Exercise directions -
Set down, exactly and with no pictures, the line that contains "1953年,卢嘉锡加入中国农" and all lines after it in the listing.

Records for processing -
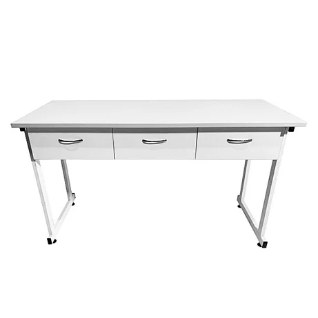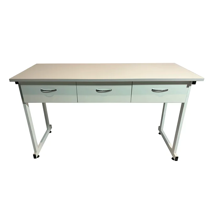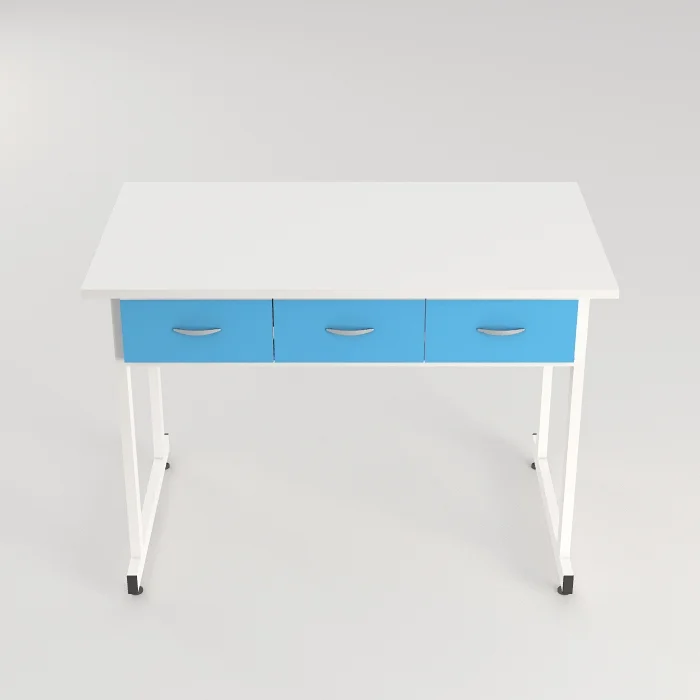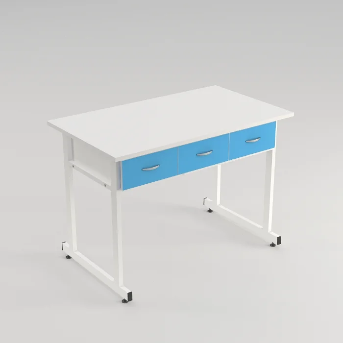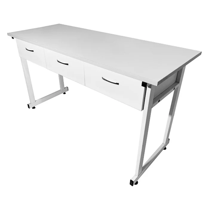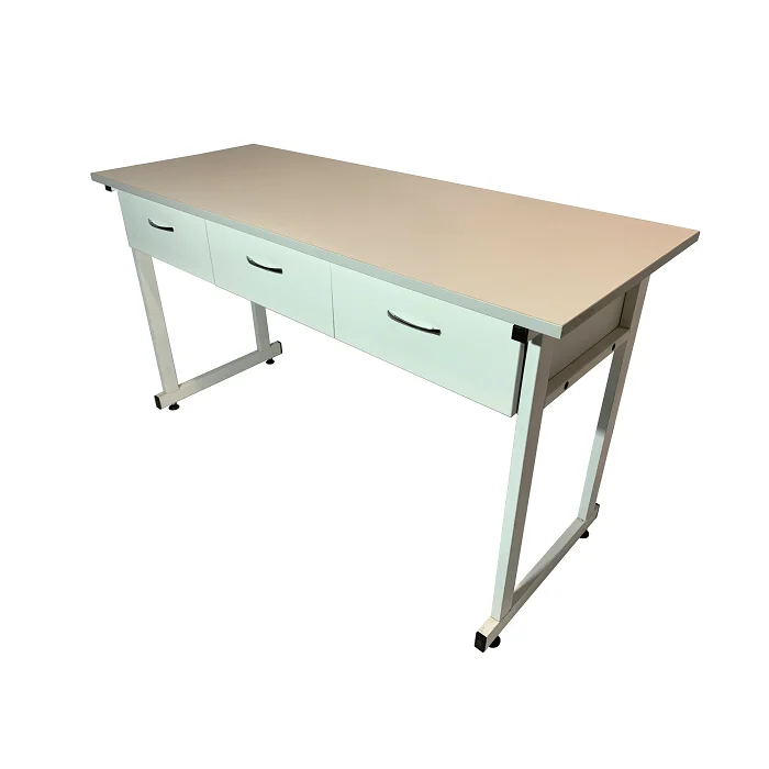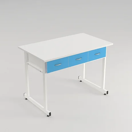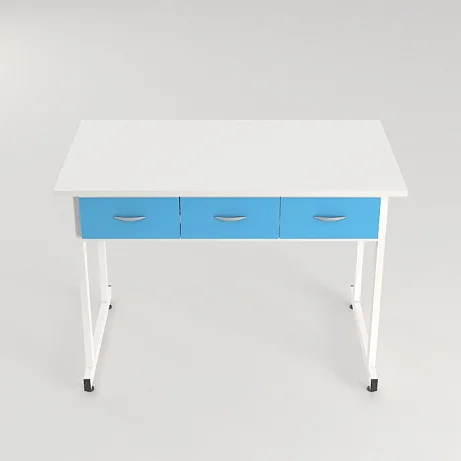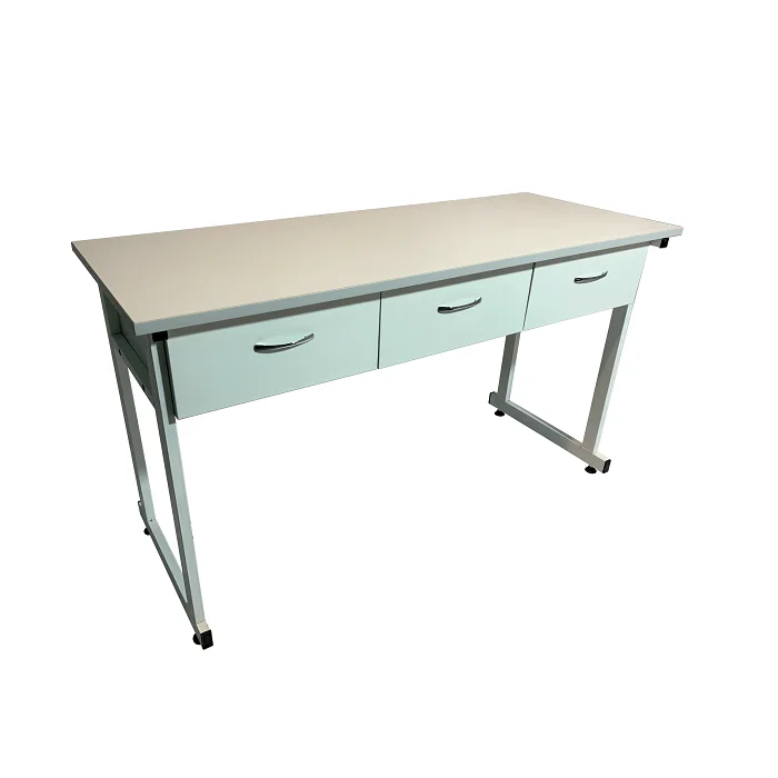 Компактный стол лабораторный СЛ 12.022 будет очень полезен в небольших лабораториях. Жесткость конструкции обеспечивает сварной каркас из стального профиля 25Х50 мм, покрытого порошковой краской. Столешница представляет собой лист ЛДСП 1200Х700 мм и толщиной 22 мм. Под столешницей размещена ниша с тремя выдвижными ящиками, материалом для которых служит ЛДСП толщиной 16 мм. На ножках установлены винтовые опоры, которые помогают компенсировать неровности пола при установке мебели. Купить с хорошей выгодой стол лабораторный СЛ 12.022 по цене производителя вы всегда можете в интернет-магазине «МедМебель». Курьер быстро доставит товар в любую точку Москвы. По России товары доставляются транспортными компаниями.
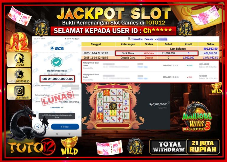 Selamat kepada Member Kami Ch****** Telah Jackpot dan berhasil mendapatkan kemenangan besar pada permainan JACKPOT SLOT GAME (MAHJONG WINS 3 BLACK SCATTER) Dengan Kemenangan Sebesar Rp.21.000.000 –. Setelah mengisi Fomulir Withdraw dengan Kurang waktu 1-2 Menit Dana sudah kami Trasnfer kepada Pemilik Userid dan dana sudah dapat di cairkan oleh pemenang. Bukti Pembayaran yang TOTO12 berikan…
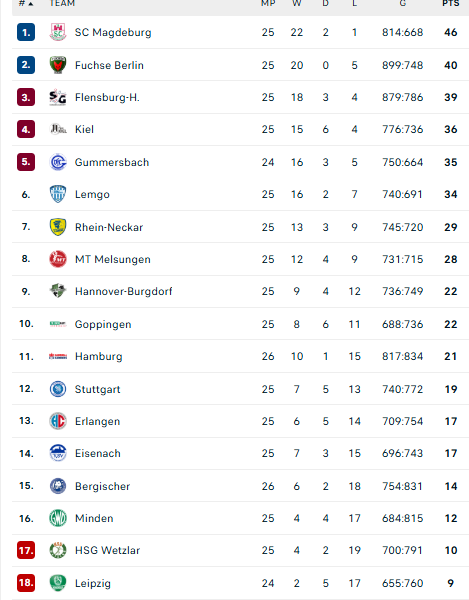 Pirmauja: „Magdeburg“ – 46, „Füchse“ – 40, „Flensburg“ – 39, „Kiel“ – 36, „Gummersbach“ – 35, „Lemgo“ – 34, … „Stuttgart“ – 19, … „Bergische“ – 14, „Minden“ – 12.
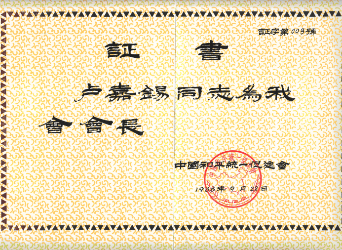 1953年,卢嘉锡加入中国农工民主党,并由一名普通党员一步步成长为民主党派中央领导。作为中国农工民主党的卓越领导人,对农工党的建设和发展倾注了大量心血,他号召农工党党员以主人翁态度,发挥科技专长,为国家发展献计献策,开展智力支边,致力社会服务,带领农工党在建设中国特色社会主义参政党的实践中取得了显著成绩。1993年4月,在中宣部召开的爱国主义教育座谈会上,卢嘉锡同志发表了题为《知我中华、爱我中华、兴我中华》的发言,对爱国主义精神作了详细精辟的论述,在国内外引起强烈反响,对爱国主义教育起到了有力的推动作用。他以渊博的学识、坦诚的态度、诤友的胸怀,体现了一个参政党领导人的高贵品质。
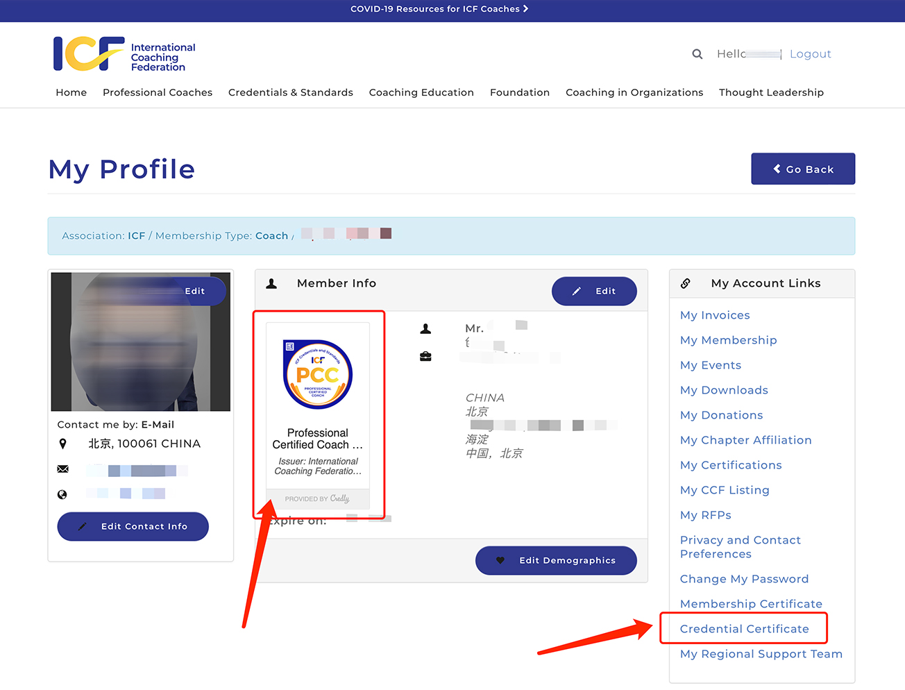 如果证书已经审批通过,再次登录ICF网站就可以按到自己的证书标志,可以点击下图红框的地方查看自己的证书和徽标。
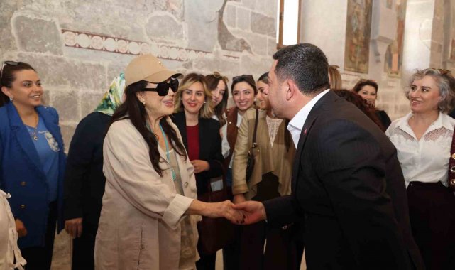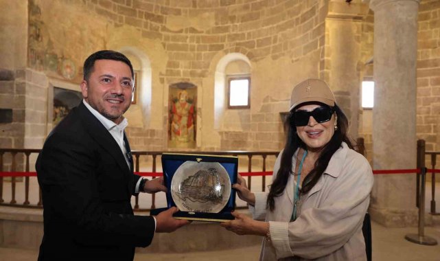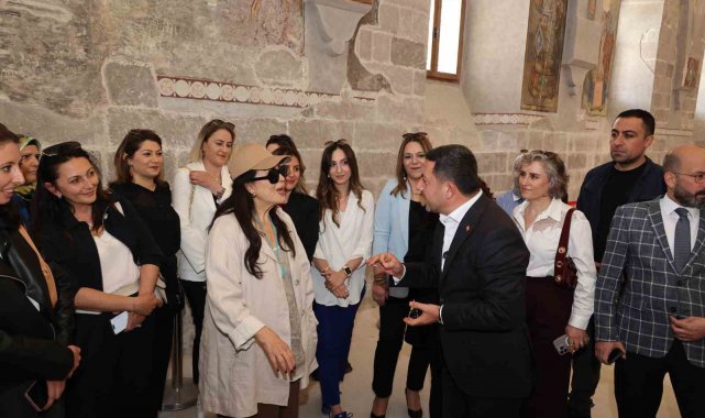 Nevşehir Belediye Başkanı Rasim Arı, ziyareti sırasında Türkan Şoray'a, Eski Meryem Ana kilisesinin tarihi hakkında bilgi verdi.
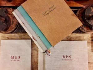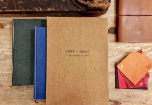 Este trabajo incluye la realización de las tapas en tela, la estampación de la portada en autentico relieve con los nombres de los novios y fecha, y 12 hojas de 160grs. verjuradas color marfil.

Written answer -
 1953年,卢嘉锡加入中国农工民主党,并由一名普通党员一步步成长为民主党派中央领导。作为中国农工民主党的卓越领导人,对农工党的建设和发展倾注了大量心血,他号召农工党党员以主人翁态度,发挥科技专长,为国家发展献计献策,开展智力支边,致力社会服务,带领农工党在建设中国特色社会主义参政党的实践中取得了显著成绩。1993年4月,在中宣部召开的爱国主义教育座谈会上,卢嘉锡同志发表了题为《知我中华、爱我中华、兴我中华》的发言,对爱国主义精神作了详细精辟的论述,在国内外引起强烈反响,对爱国主义教育起到了有力的推动作用。他以渊博的学识、坦诚的态度、诤友的胸怀,体现了一个参政党领导人的高贵品质。
 如果证书已经审批通过,再次登录ICF网站就可以按到自己的证书标志,可以点击下图红框的地方查看自己的证书和徽标。
 Nevşehir Belediye Başkanı Rasim Arı, ziyareti sırasında Türkan Şoray'a, Eski Meryem Ana kilisesinin tarihi hakkında bilgi verdi.
 Este trabajo incluye la realización de las tapas en tela, la estampación de la portada en autentico relieve con los nombres de los novios y fecha, y 12 hojas de 160grs. verjuradas color marfil.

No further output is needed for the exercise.